Historically, PR-positivity was viewed as just a passive consequence of a functional oestrogen receptor, and PR was established as a biomarker of ER functionality in breast cancer. However, recent preclinical discoveries have provided an alternative explanation to the previous over-simplistic assumption, providing new insights into progestogen action and functional 'cross-talk' between ER and PR in breast cancer. In the presence of agonist ligands, progesterone-activated PR causes rapid sequestration of ERa chromatin binding sites in breast cancer cells, resulting in a unique gene expression program that is associated with a good clinical outcomes. This highlights a potential therapeutic opportunity.
The PIONEER trial will investigate the effect of combining megestrol acetate (a progesterone receptor agonist) and letrozole (an aromatase inhibitor) in post menopausal women with early breast cancer. This is a 'window of opportunity' study treating and observing patients in the two weeks prior to definitive surgery. Patients are randomised into one of three arms; one in which the patients receive Letrozole alone; one in which they will receive a combination of Letrozole and low dose Megestrol acetate and the third arm will receive Letrozole and high dose Megestrol acetate.
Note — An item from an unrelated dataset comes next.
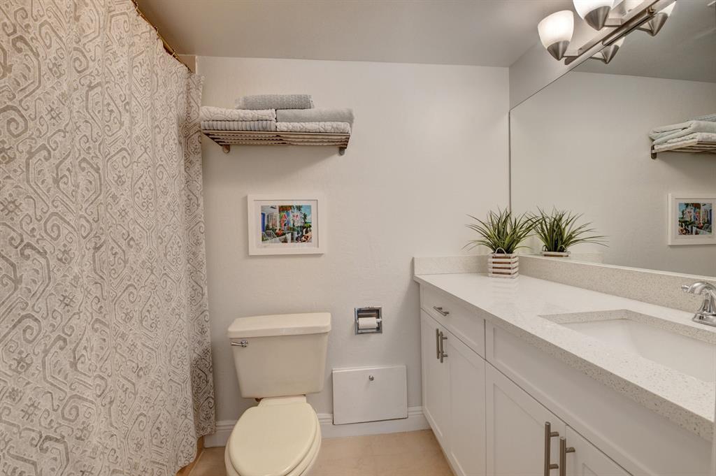 Immaculate fully remodeled home in prime location in Boca Rio North. Enter the private courtyard to new professionally installed brick pavers- a great venue for entertaining. Tiled throughout, remodeled kitchen w/white shaker cabinets, quartz counters, SS appliances, LED recessed lights, under cabinet lighting. Plantation shutters in family room and master bedroom, full size washer/dryer downstairs, hot water heater 2018, freshly painted in light neutral tones. All bathrooms (2 ensuite) have been remodeled. Prized location in the community overlooking expansive grassy area, far from roads or noise. Very private site w/lots of play area. Pet friendly. Steps from elementary school. This section has a lower HOA fee!- includes bldg insurance, roof, pool, tennis & racquetball.

This trial will be open to postmenopausal women with newly diagnosed, untreated ER-positive, HER2-negative, invasive primary breast cancer.
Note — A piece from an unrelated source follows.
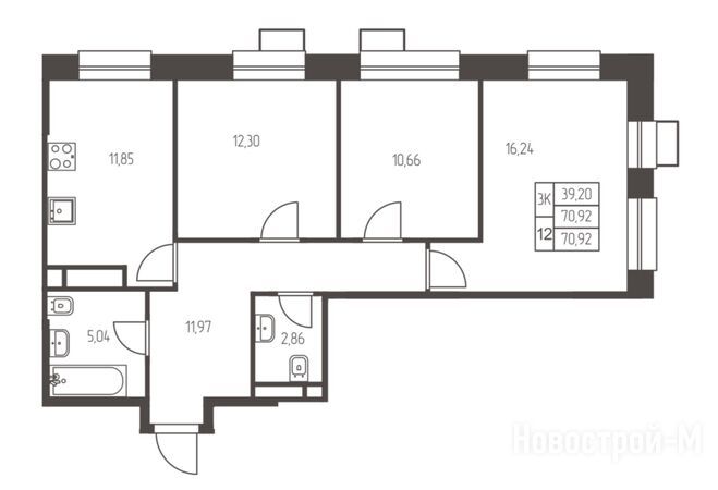 Планировочные решения разнообразные. Есть студии вытянутой и квадратной формы, с одним или двумя окнами. Среди однокомнатных есть варианты с раздельным и совмещенным санузлом, в некоторых квартирах в коридоре остается ниша для организации кладовой или небольшой гардеробной. В многокомнатных квартирах расположение комнат в основном линейное, но есть несколько лотов с проходной кухней, по обе стороны от которой расположены спальни.

|Condition or disease||Intervention/treatment||Phase|
|Breast Cancer||Drug: Megestrol Acetate 40 MG Drug: Megestrol Acetate 160 MG Drug: Letrozole||Phase 2|
|Study Type :||Interventional (Clinical Trial)|
|Estimated Enrollment :||189 participants|
|Intervention Model:||Parallel Assignment|
|Intervention Model Description:||This is a three arm, open-label, multicentre, randomized, window of opportunity, Phase II trial which will evaluate the effects of 15 days (+ 4 days) preoperative therapy with Letrozole, or Letrozole plus low dose Megestrol acetate (40mg), or Letrozole plus high dose Megestrol acetate (160mg) in postmenopausal women with newly diagnosed, ER-positive, HER2-negative, invasive primary breast cancer of at least 1 cm size.|
|Masking:||None (Open Label)|
|Official Title:||Randomised Phase II Clinical Trial PIONEER- A Pre-operative wIndOw Study of Letrozole Plus PR Agonist (Megestrol Acetate) Versus Letrozole aloNE in Post-menopausal Patients With ER-positive Breast Cancer|
|Actual Study Start Date :||July 20, 2017|
|Estimated Primary Completion Date :||October 31, 2021|
|Estimated Study Completion Date :||November 30, 2022|
Active Comparator: Arm A: Letrozole
Arm A: 15 days of Letrozole 2.5mg daily
Experimental: Arm B: Letrozole + Megestrol Acetate (40mg)
Arm B: 15 days of Letrozole 2.5mg daily + Megestrol acetate 40mg daily
Drug: Megestrol Acetate 40 MG
Other Name: Megace
Experimental: Arm C: Letrozole + Megestrol Acetate (160mg)
Arm C: 15 days of Letrozole 2.5mg daily + Megestrol acetate 160mg daily.
Drug: Megestrol Acetate 160 MG
Other Name: Megace
- Determination of change in tumour proliferation measured by Ki67 immunohistochemical (IHC) assessment (%) at baseline compared to Day 15 (+ ≤4 days). [ Time Frame: Over 15 days of treatment with letrozole (alone or in combination with high or low dose megestrol acetate) ]Tumour-cell Ki67 antigen labeling index will be recorded following the recommendations from the International Ki67 working group. Ki67 will be scored as the percentage of tumour nuclei staining. The investigators analyzing Ki67 will be blinded as to treatment allocation. Ki67-response is defined as a 50% or higher fall in Ki67 expression.
- Change in tumour apoptosis, measured by Caspase 3 (IHC) [ Time Frame: Over 15 days of treatment with letrozole (alone or in combination with high or low dose megestrol acetate) ]Caspase-3 is activated by cleavage in cells undergoing apoptosis. Capase-3 IHC has been validated as a marker of apoptosis in breast cancer.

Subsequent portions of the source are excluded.